In this paper, we propose a novel interpretation technique for the miRNA target prediction models working with the 2D-binding representation of input sequences. The 2D-binding representation encodes interactions between sequences, allowing the interpretation technique to work in the context of interactions, not sequences. This interpretation provides an understandable visualization of the miRNA:target site interaction in the form of base pairing with the importance scores for each position. It can be further used as a proxy for studying the biological concepts learned by the neural network. We present several applications, such as identifying classes of miRNA binding activities (including seed and non-seed binding) and enhancing the target site predictions by narrowing it to the length of miRNA. All the code and data are available at https://github.com/katarinagresova/DeepExperiment.

2. Materials and Methods

2.1. Datasets and Models

MiRNA:target site interaction datasets introduced in Klimentova et al., 2022 [28] were retrieved from the GitHub repository (https://github.com/ML-Bioinfo-CEITEC/miRBind, date accessed: 9 December 2022). Positive miRNA:target interactions originates from the Helwak et al., 2013 CLASH experiment [29]. Klimentova et al., 2022 standardized the length of miRNA sequences to 20 nt, anchored by the 5′ end of the miRNA. The length of target sequences was standardized to 50 nt by centering and either clipping the sequence or extending it using the hyb reference [48]. These processed miRNA:target pairs were called the positive dataset. As explained in Klimentova et al., 2022, the negative set was constructed by matching real target sequences with random miRNAs from the same experiment excluding the miRNA:target pairs from the positive set.
The trained models introduced in Klimentova et al., 2022 [28], namely miRBind and CNN_model_1_20_optimized, were downloaded from the GitHub repository (https://github.com/ML-Bioinfo-CEITEC/miRBind, Date accessed: 9 December 2022). Authors used a modified version of ResNet [49] as a miRBind architecture and a convolutional neural network architecture [50] for the CNN_model_1_20_optimized model.

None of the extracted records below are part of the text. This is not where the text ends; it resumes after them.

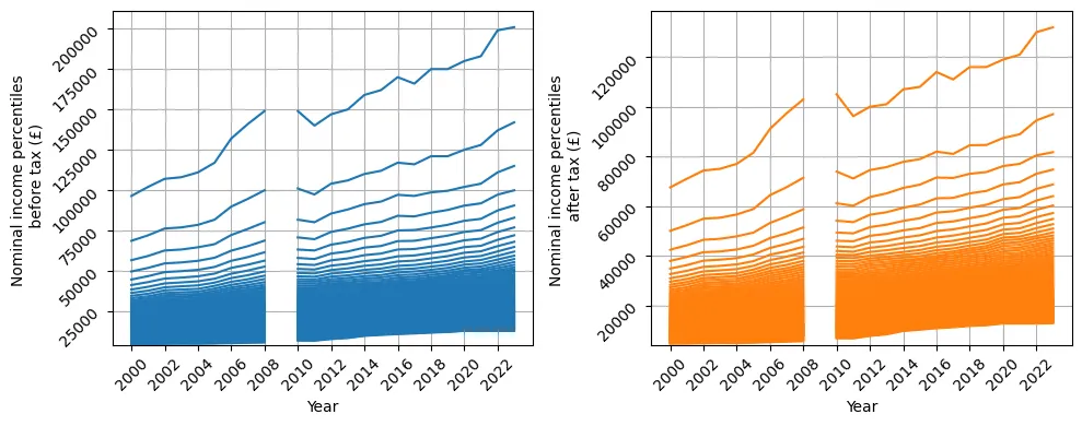 We analyse the UK income distribution from 2000 to 2023 using HMRC annual percentile data for both pre-tax and post-tax income. We fit a prefactor-adjusted $κ$-generalised specification to the data by weighted non-linear least squares and use inverse transform sampling to generate simulated income populations. The results suggest a redistribution of income shares over the period: the bottom 40\% appears to have increased its share, the middle-upper part of the distribution (50th--90th percentiles) lost share, the top 10\% remained broadly stable, and the top 1\% increased its share of pre-tax income. Because the modified specification is defined only above a positive threshold, conclusions concerning the lower tail should be interpreted with some caution. Using simulated 2023 pre-tax incomes to examine tax reform scenarios, we find that revenue-equivalent tax increases on high-income earners must be more than four times as large as comparable increases on lower-income earners. This suggests that, despite increased concentration at the top, the UK tax base remains driven primarily by the large number of taxpayers outside the very top of the distribution.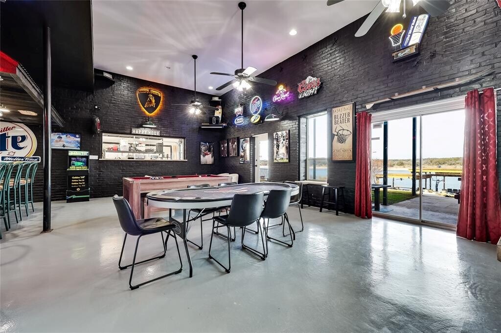 Deep water on main channel! Fully furnished. 2 Boat slips. The house is a dual level, with steps going up to the main level from the street. Completely renovated, from quartz counter tops, to high end vinyl flooring throughout the social areas. Main bedroom plus two guest bedrooms in main living area. Main bedroom has amazing views of the lake with direct access door to the upper deck. Kitchen is open to the family room. Large dining area with direct access to the deck. Outdoor dining space with crazy views of the lake. Downstairs is the game room perfect to get together and have fun. Enjoy all the amenities which include Foosball table, air hockey table, pool table, karaoke stage, arcade, darts, axe throwing, table games, and more. The bunk room has two bunk beds. The room connects to a private full bath shared with the game room through a different access. The bar is fully is ready with glasses, disposable cups, refrigerator, microwave, ice chest. Outdoor built in kitchen with a 36 Blackstone Griddle, a Kamado Joe, and a dine bar. In between the house and the lake is The Pavillion, with a built in wood burning fireplace, Pit Boss Grill, seating for everyone. Past the Pavilion is the pickle ball/sports court, and a wood burning Fire-Pit. On The Dock enjoy kayaks, stand up paddle boards, TV to connect your consoles or watch local network channels." MLS ID 2531806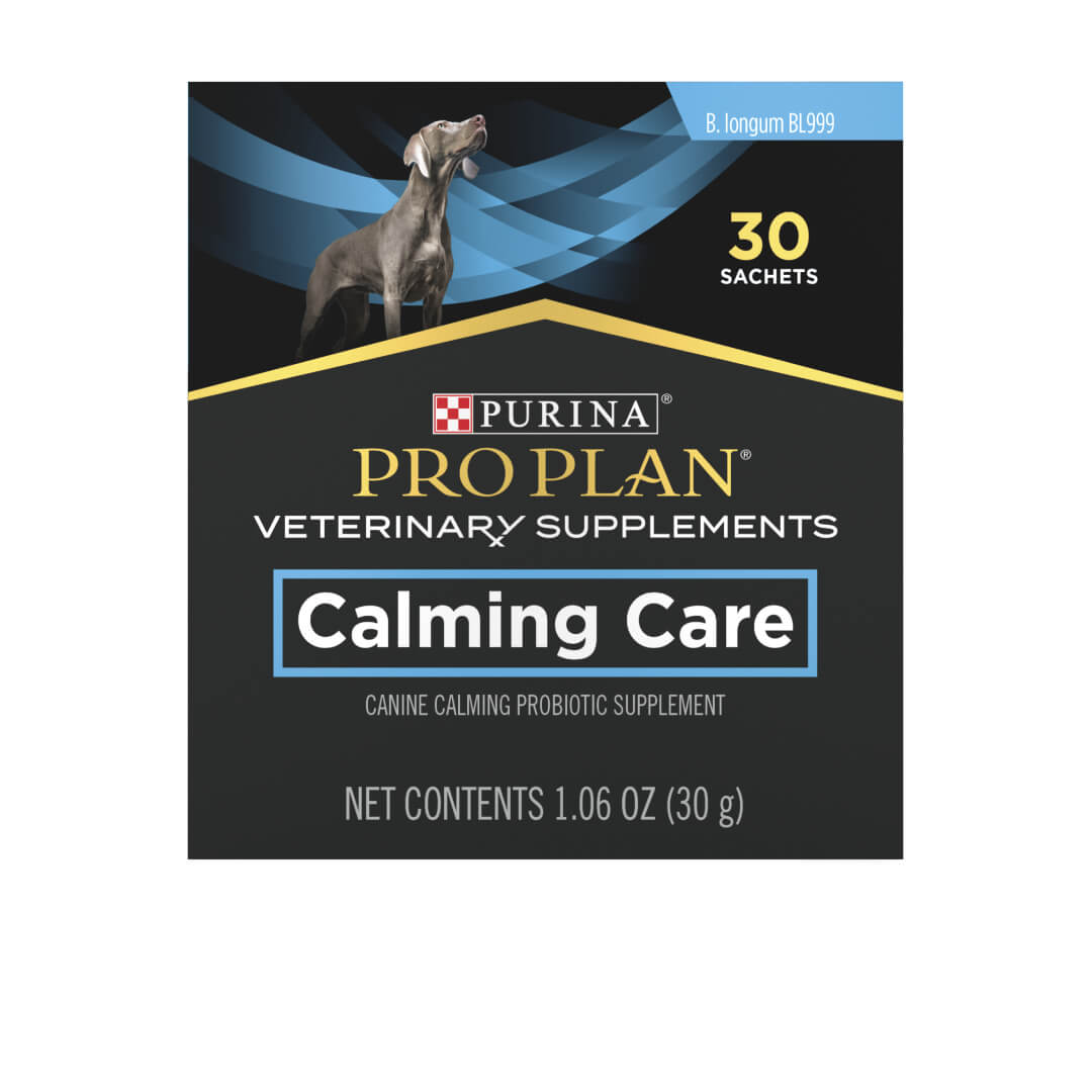 Purina Pro Plan Veterinary Supplements Calming Care a breakthrough in managing dogs exhibiting anxious behaviours. With Bifidobacterium longum (BL999), a probiotic strain shown to help dogs maintain calm behaviour and a positive emotional state. In a blinded crossover design study, 90% of dogs showed an improvement in displaying anxious behaviours such as; jumping, pacing, and spinning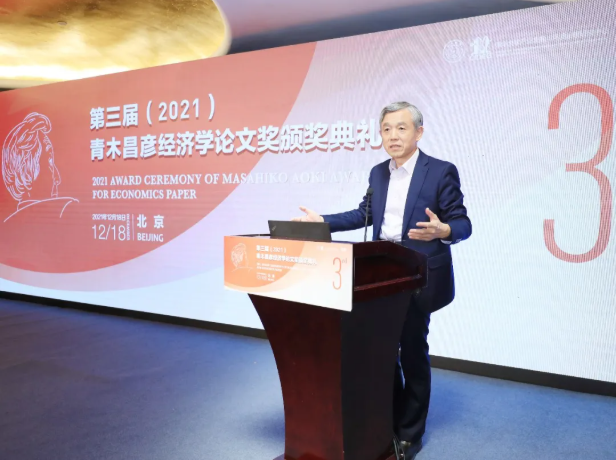 清华大学文科资深教授、苏世民书院院长、青木昌彦经济学论文奖评审委员薛澜揭晓奖项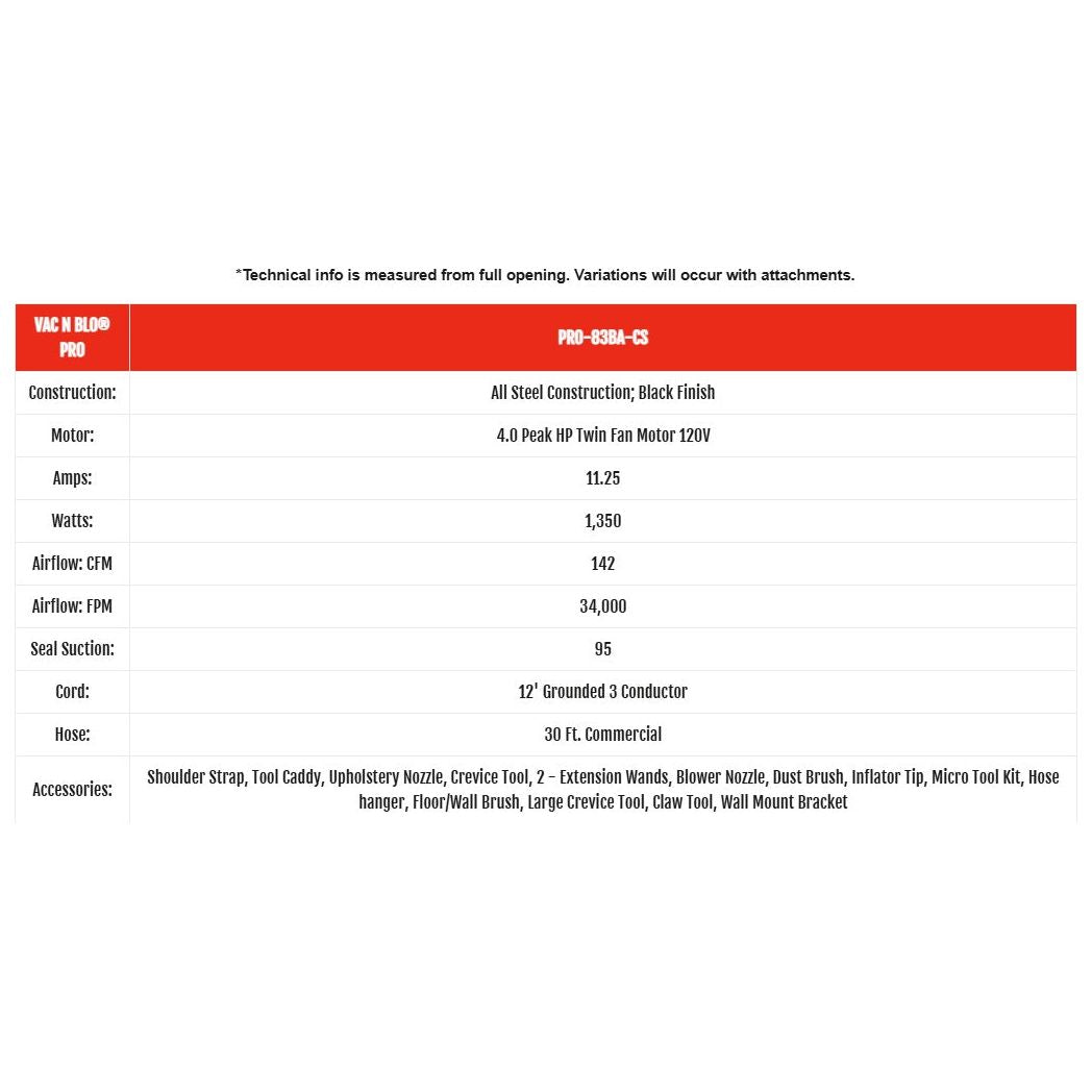 Conveniently mounts to the wall with 30 feet of hose or you can effortlessly roll it to your favorite vehicle. The Vac N Blo® Pro Series features a steel body and a 4.0 Peak HP, twin-fan, industrial quality motor that produces an amazing 95" of water lift (the standard measure of vacuum efficiency). The machine is assembled with a 12 ft. grounded cord set.
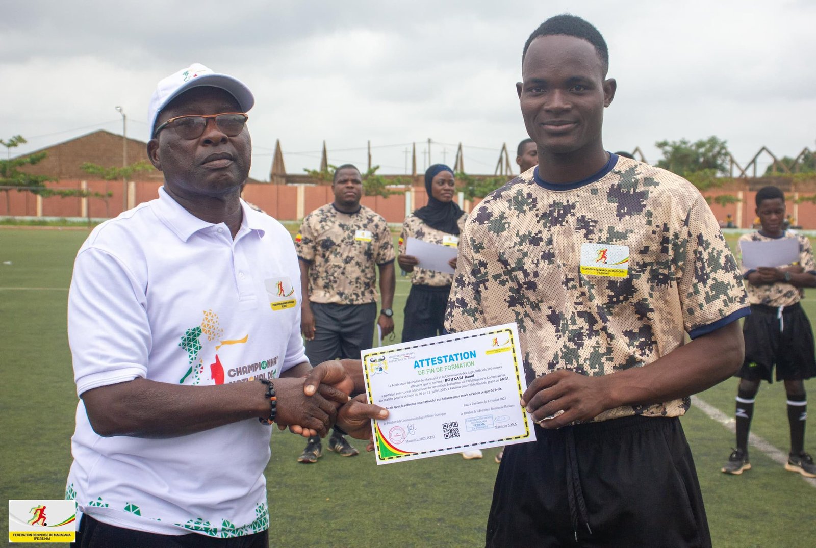La formation s’est clôturée le 12 juillet 2025 par une cérémonie de remise d’attestations organisée au stade municipal de Parakou, en présence du formateur national. Cette initiative s’inscrit dans la dynamique de professionnalisation du Maracana au nord du Bénin et dans la volonté de structurer davantage la filière arbitrale à l’échelle régionale.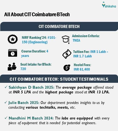 The below mentioned infographic contains more information about the CIT Coimbatore BTech programme including fees, reviews, seats, and more: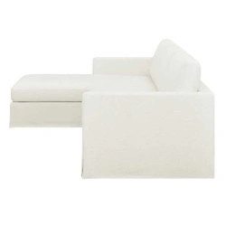 This is a beautiful white sofa with a chaise lounge, perfect for relaxing after a long day. It's very comfy and has plenty of room to stretch out. Colour: White, Material: Fabric, Style: Modern, Orientation: Left-Hand Facing. I’ve had a sofa cover on it, so it's well protected and looks very new!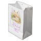 Joli sac cadeau moyen baby shower avec un renard adorable et fleurs rose et violet. Parfait pour un baby shower de printemps ou d'été. Les mots peuvent être changés en fonction de vos propres détails ou exigences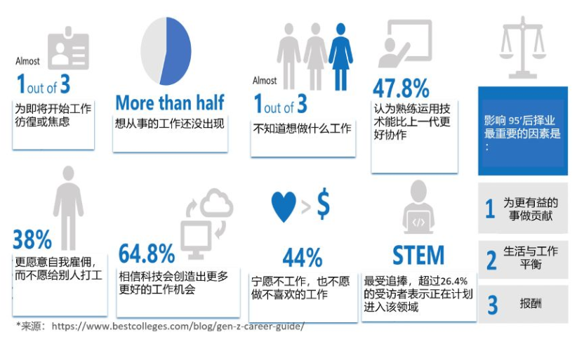 这个时代,年轻人已经不愿意加班做无意义的工作,他们需要使命感、人生意义。根据统计数据显示,影响95后择业的前三大因素中,薪酬位于最后。前两位分别是“为更有意义的事做贡献”和“生活与工作平衡”。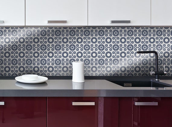 Dark Blue Tile Kitchen Decor Wallpaper Kitchen And Bathroom Etsy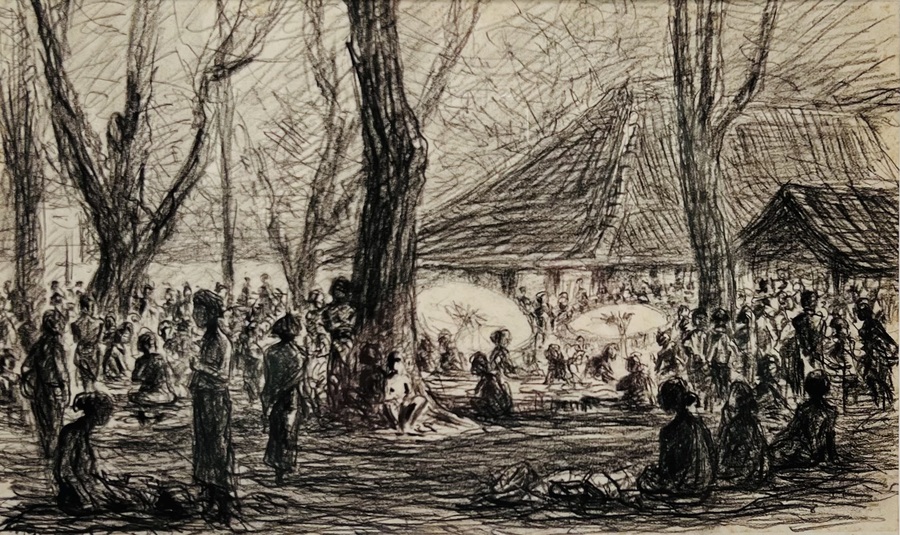Potloodtekening getiteld “Pasar Magelang, Java” door Gijsbert Brand Hooyer (1848-1934). Potlood op papier, linksonder gemonogrammeerd GBH. Indonesië, begin 1900.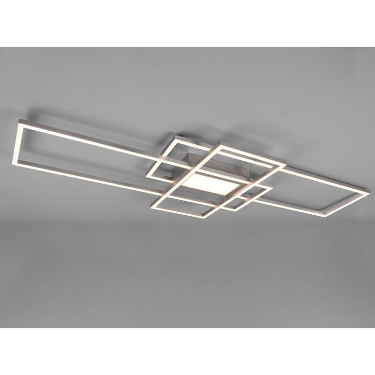 Puristische LED Deckenleuchte CANTA mit 3 Stufen Dimmer aus dem Hause MeineWunschleuchte Die Deckenleuchte verfügt über ein dezentes und minimalistisches Design, das sich vielseitig einsetzten lässt. Die Zusammensetzung aus drei einzelnen, filigranen Rechtecken ergibt eine moderne Leuchte für den Wohnraum oder Eingangsbereich. In Silber Nickel matt designt, lässt sich die Leuchte vor allem in moderne und gradlinige Einrichtungsstile integrieren und lässt darüber hinaus viel Spielraum bei der Kombination mit vorhandenem Interieur und Farben. Durch das puristische Design findet die Deckenleuchte in nahezu allen Räumlichkeiten ihren Platz und sorgt für ein stimmungsvolles Ambiente. Darüber hinaus verfügt die geometrische Leuchte über eine moderne LED Technologie, mit einem fest verbauten LED Leuchtmittel mit 56 Watt und einer Lichtstärke von 6500 Lumen sorgt sie für eine warmweiße Beleuchtung. Zusätzlich ist die große Deckenlampe mit einem Dimmer ausgestattet, der über den Wandschalter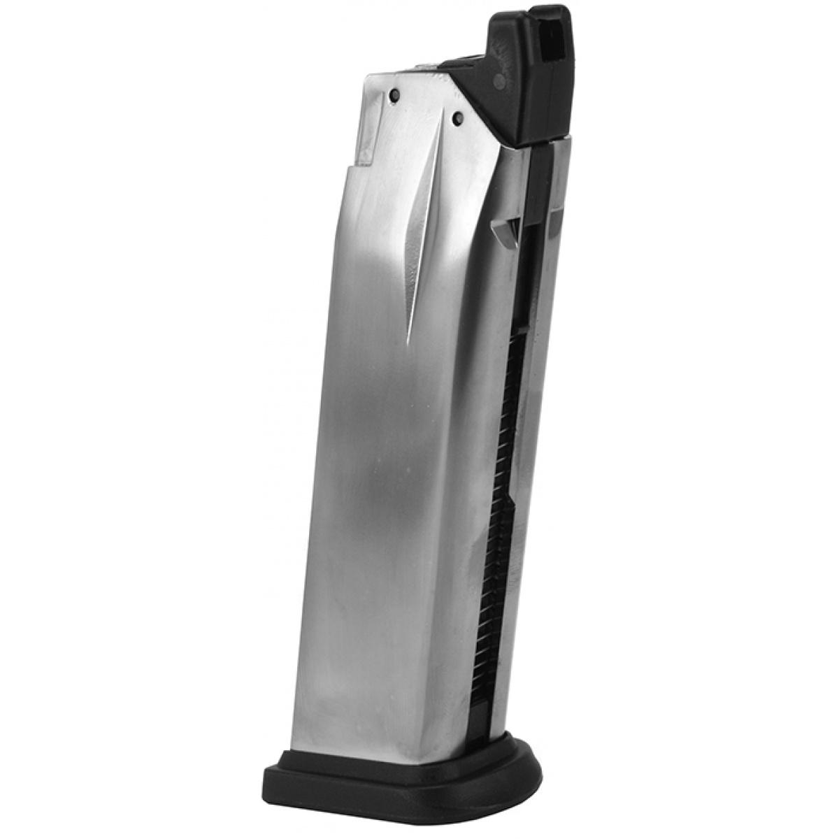 The WE Tech X-Tactical may not be the most powerful airsoft gun on the market, but it makes up for this with snappy recoil and an extremely fast cycling rate. This pistol is nearly identical to the Tokyo Marui gas blowback pistol in terms of quality and performance, however it costs less than half of the price! We Tech has installed a precision inner barrel and fully adjustable hop-up, providing this pistol with incredible range and accuracy! With 0.25g BB's, you can easily hit man sized targets at over one hundred feet! The disassembly of the X-Tactical gas blowback airsoft pistol is similar to the take-down of a P226, and is nearly identical to the field stripping of the real steel sidearm. Its larger double stack magazine capacity (storing up to twenty five rounds) is sure to give you an advantage over other single stack gas blowback pistols.

Both models use a two-dimensional representation of miRNA and the putative target site, in which any Watson–Crick binding nucleotide pair is represented by 1, and any non-binding pair by 0, as an input. For the miRNA of length 20 nt and target site of length 50 nt, the result is a 50 × 20 two-dimensional matrix of 1 s and 0 s (Figure 1a).

2.2. Attribution Scores

Attribution scores were computed using two implementations of the SHAP explanation method [47]—DeepExplainer and GradientExplainer—both available in the shap python package (https://github.com/slundberg/shap, date accessed: 9 December 2022). DeepExplainer implementation builds on a connection with DeepLIFT [45], while GradientExplainer builds on ideas from Integrated Gradients [44] and SmoothGrad [51]. Attribution scores highlight areas within the input that contribute positively or negatively to a model’s decision.
The SHAP explanation method is based on principles of the Shapley value. The Shapley value [52] is a widely used method for explaining the outputs of a model and understanding the relationship between the features of the data and the model’s predictions. By assuming that each feature is a “player” in a game where the prediction is the “payout”, the Shapley value provides a fair way to distribute the payout among the features. In this paper, we utilized the SHAP explanation method [47] that computes Shapley values with one innovation: the Shapley value explanation is represented as an additive feature attribution method, a linear model.
The SHAP explanation method requires a model, the data sample, and a set of background samples as input parameters. In this study, we selected 100 background samples to be optimal in terms of computational time and variation in importance scores (Figure S1). The variation in importance scores was used to measure the variation in results between models using different random background samples. We computed variation and computation time for numbers of background samples of 10, 50 and then adding 50 background samples up to 500. Each point was averaged over 10 runs.
The output of the SHAP method is a matrix with the same shape as the input data sample. In this study, we used samples in the format of a 50 × 20 2D matrix of 1s and 0s (as proposed by Klimentová et al., 2022 [28], Figure 1a); therefore, the output is a 50 × 20 matrix of SHAP values for each pixel in the input sample (Figure 1b). For each class, the input pixel with assigned positive SHAP value increases the model’s probability to classify the input as a given class and the negative value decreases the probability. As for the case of data from Klimentová et al., 2022 with only two classes, attribution scores for the positive and negative class differ only in the sign, pixel, with a high positive value for one class and a highly negative value for the other class.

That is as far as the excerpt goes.